Pochodzi z Bystrej Podhalańskiej koło Jordanowa, ale z wyboru jest andrychowianką. Tak zżyła się z Andrychowem, że nie wyobraża sobie, by mogła wrócić na stałe rodzinne strony. Wiele jej wierszy zrodziło się z obserwacji tego miasta i jego mieszkańców. Inspiruje ją również jesień, jej absolutnie ulubiona pora roku.
Zofia Koczur trafiła do Andrychowa za sprawą swego męża Jakuba. Poznała go jeszcze jako uczennica liceum w Suchej Beskidzkiej, gdy szukała partnera na studniówkę. Chłopak jej przyjaciółki zaproponował jej wtedy towarzystwo swojego kolegi. Zosia i Kuba szybko znaleźli wspólny język, a czas spędzony na balu przedmaturalnym okazał się początkiem wielkiej miłości. Pobrali się w dwa lata później. Z początku mieszkali w Nowym Targu, później w Kętach, aż w końcu, osiem lat temu, osiedli w rodzinnym mieście Jakuba, którym jest właśnie Andrychów. – Teraz czuję już całkiem andrychowska – wyznaje Zofia Koczur.
Poezja wyciągnięta z szuflady
To właśnie przeprowadzka do tego miasta sprawiła, że Zosia opublikowała pierwszy tomik swoich wierszy. Poezję pisała od czasów licealnych, ale z początku robiła to tylko dla własnej przyjemności, aby wyrazić swoje emocje i przemyślenia. Niekiedy dzieliła się wierszami z koleżankami, jednak większość z nich zostawiała dla siebie.
- Z czasem zaczęłam jednak marzyć o tym, żeby wydać je drukiem. I spełniło się to właśnie po naszej przeprowadzce tutaj. Pewnego dnia przeczytałam ogłoszenie o stypendium kulturalnym gminy Andrychów. Napisałam więc wniosek i – ku mojej wielkiej radości - udało mi się je zdobyć. Dzięki temu w 2015 roku ukazał się tomik „Droga, którą idziesz” - opowiada poetka.
Potem poszła za ciosem i złożyła wniosek o kolejne stypendium, co znów zakończyło się sukcesem.
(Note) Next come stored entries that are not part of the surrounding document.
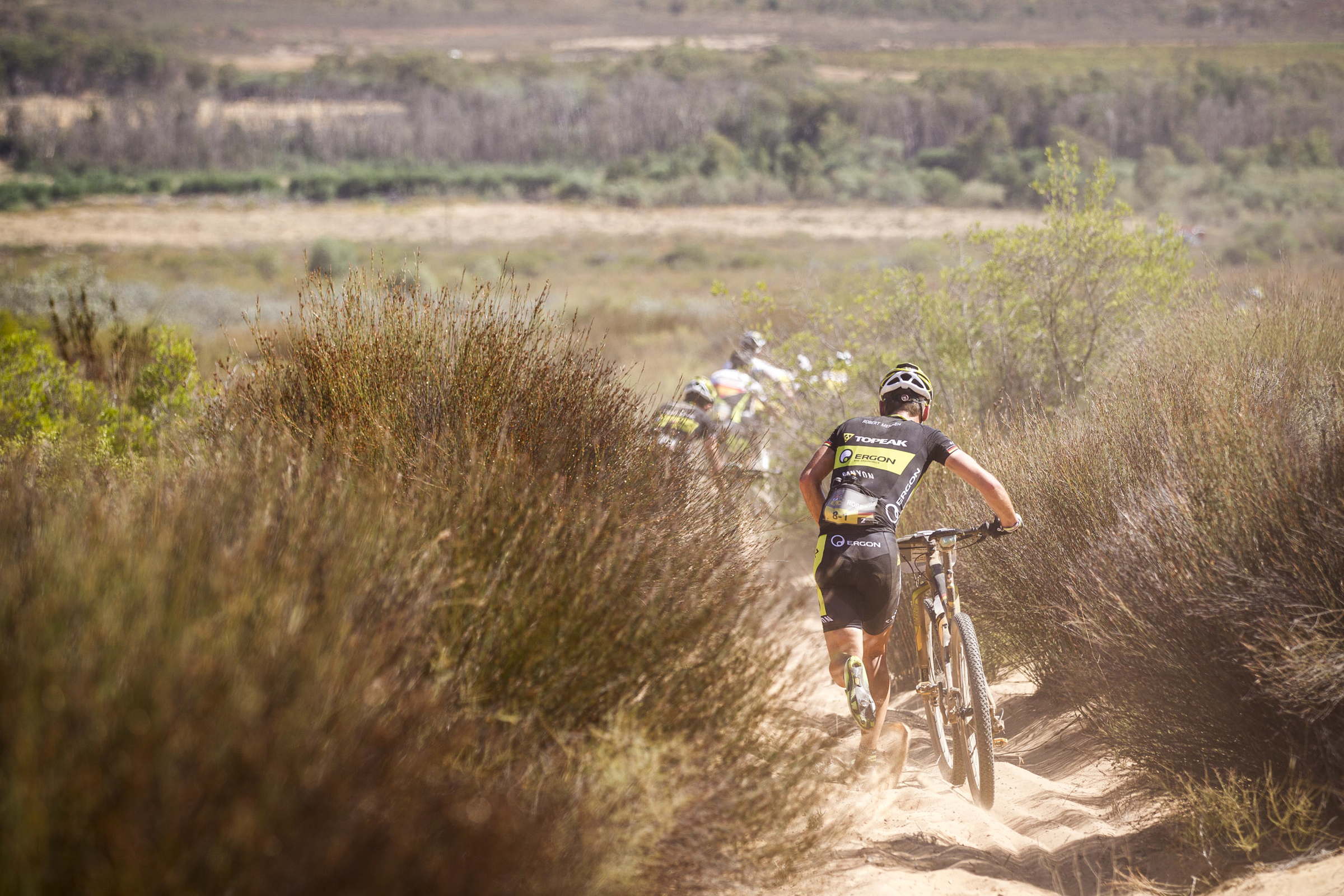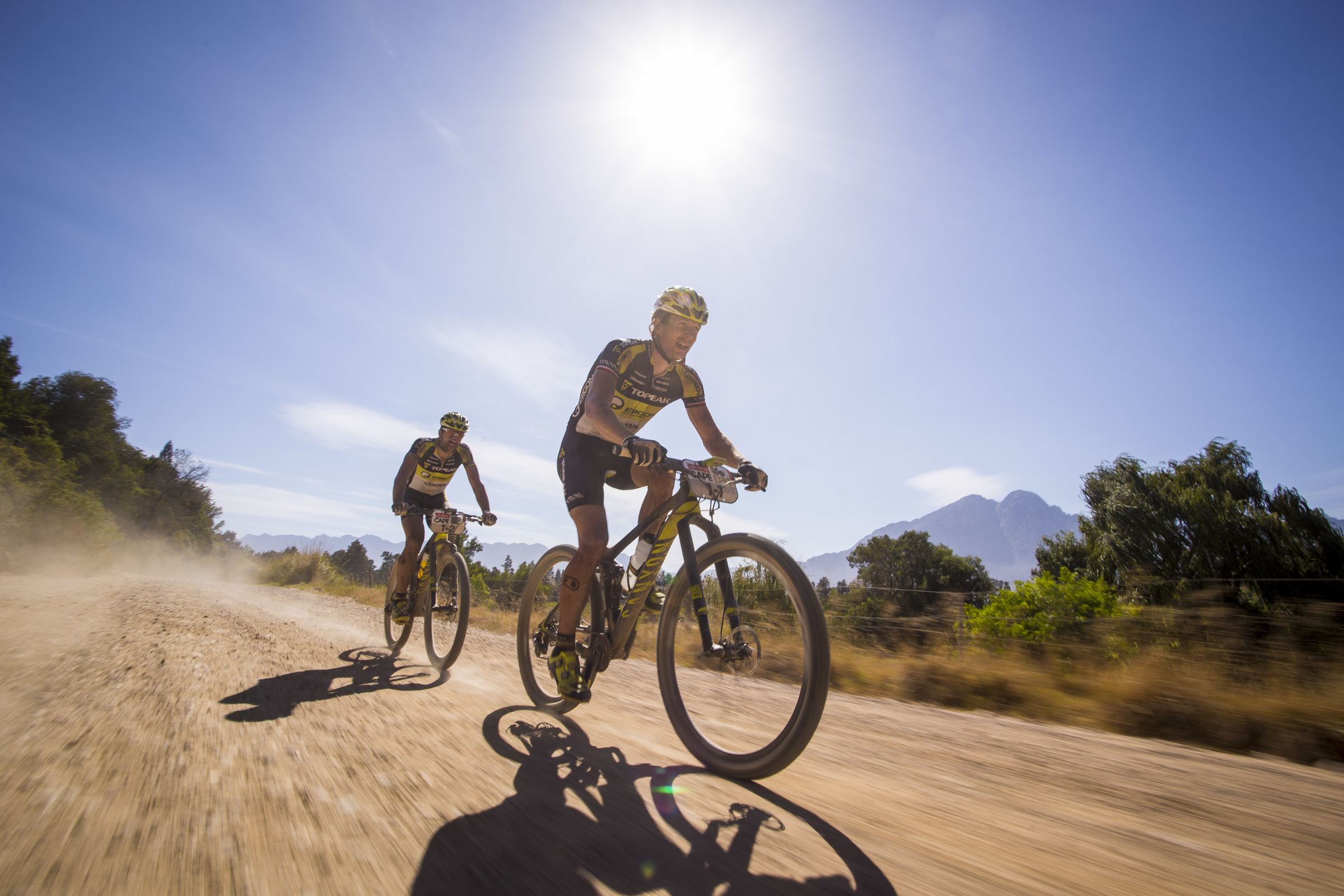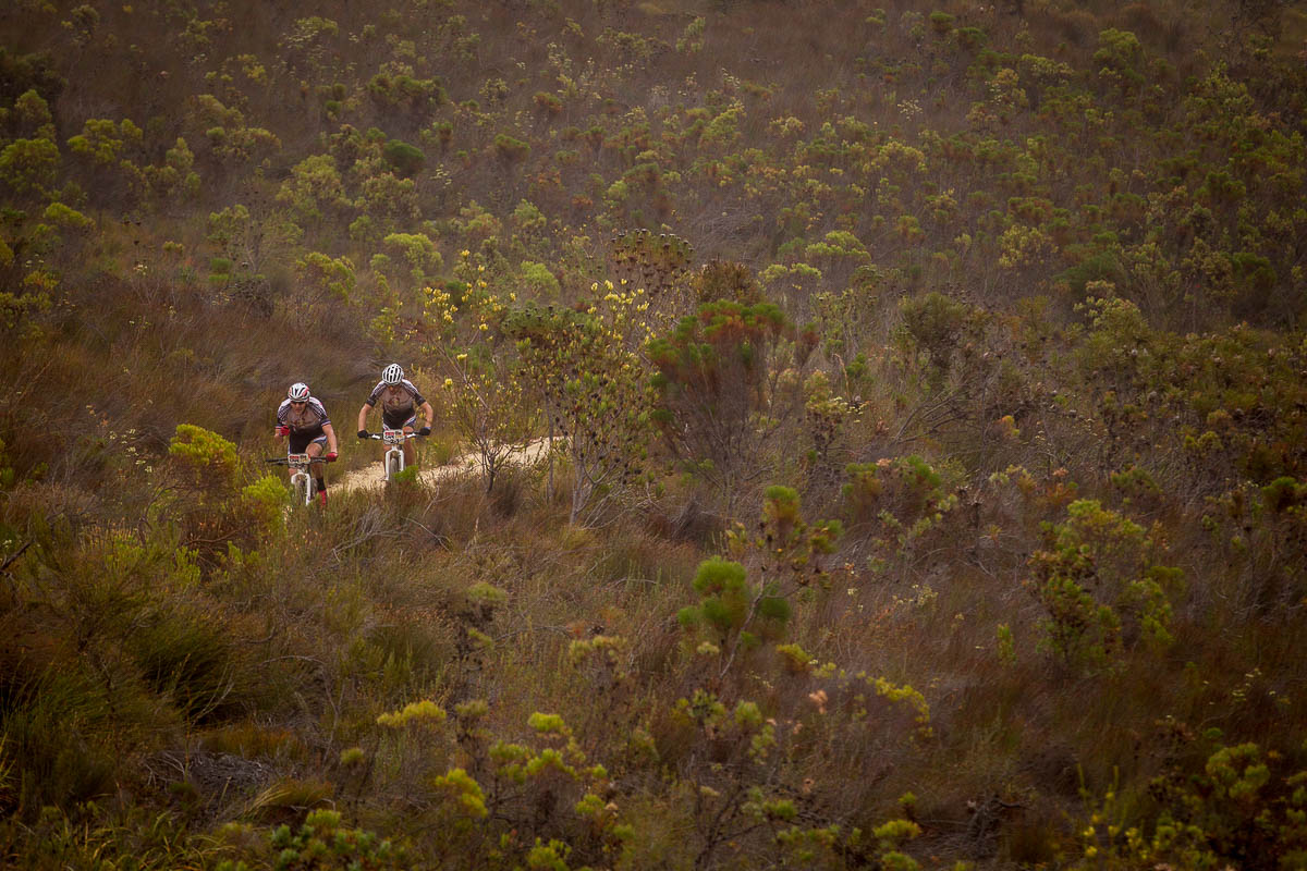 Le vainqueur sortant Kristian Hynek et son nouveau coéquipier Alban Lakata (Topeka-Ergon), récents vainqueurs de l’Andaloucia Bike Race, ont pris un départ prudent et terminent 7e mais sans perdre trop de temps. Comme le dit Hynek, « il ne faut pas prendre de risques aussi tôt car on ne peut pas gagner le Cape Epic pendant le prologue, mais on peut tout y perdre ». Leurs coéquipiers Robert Mennen et Jeremiah Bishop, en photo ci-dessus, sont 9e.
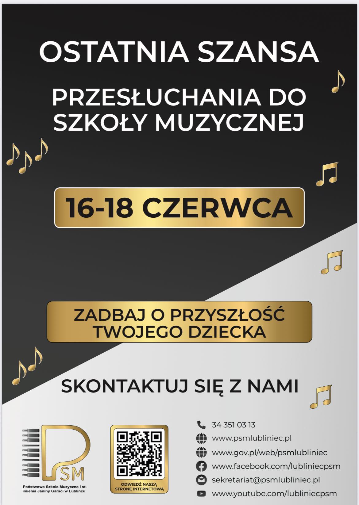 Zapraszamy na przesłuchania wstępne do Państwowej Szkoły Muzycznej I stopnia w Lublińcu.
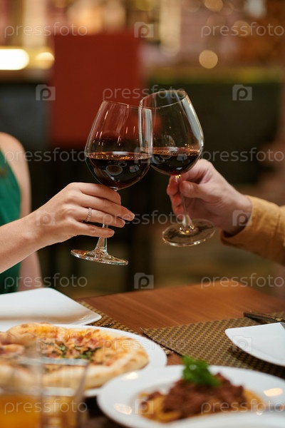 Пара тостирует со стаканами вина
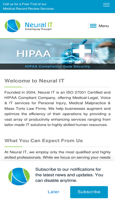 97%Neural IT provides ISO-certified, HIPAA and GDPR-compliant Medical-Legal, Voice & IT services tailored to Personal Injury, Medical Malpractice, and Mass Torts law firms. Enhance your efficiency and save costs with our trusted solutions.
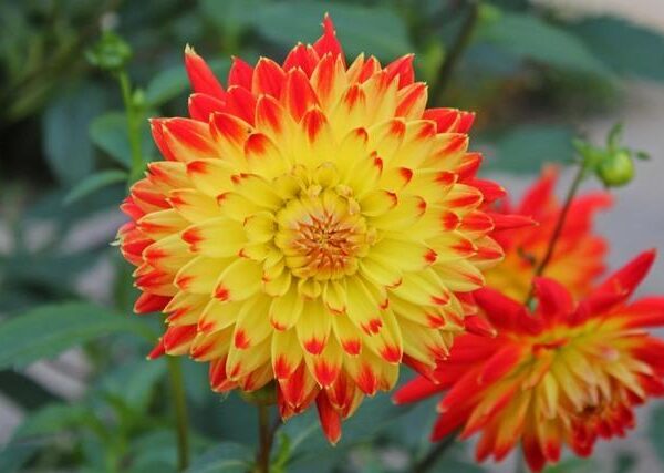 Етикети: далия, декоративна, жълта, рязан цвят, червена

Wydała wtedy drugi tomik poezji, zatytułowany „Obserwacje/Tylko patrzę...”. W tym samym roku - 2017, napisała swoją pierwszą książkę prozą. Był to „Pamiętnik andrychowski”, który powstał z okazji 250. rocznicy uzyskania przez Andrychów praw miejskich. Zofia Koczur zebrała w nim opowieści starszych mieszkańców miasta, pamiętających jeszcze, jak się w nim żyło przed laty. Opisała między innymi historię andrychowskiej porodówki, która działała od 1964 do 1994 roku. Materiałów na ten temat dostarczyła jej była kierowniczka placówki, Stefania Fiszebrandt.
Duet doskonały
Kilka miesięcy temu Zofia Koczur opublikowała trzeci tomik wierszy - „Zamyślenie”, a niebawem ukaże się kolejny, zatytułowany „Jesiennie nastrojona”. Na jego wydanie poetka również zdobyła stypendium kulturalne gminy Andrychów. - Jesień to moja najukochańsza pora roku. Lubię nawet deszczowe, zimne listopady, za ich melancholijność. To dla mnie czas, by zastanowić się nad życiem, wartościami i zrobić podsumowanie. Ale przede wszystkim uwielbiam jesień za jej bajeczne kolory – złoto, żółć, czerwień – mówi Zofia Koczur.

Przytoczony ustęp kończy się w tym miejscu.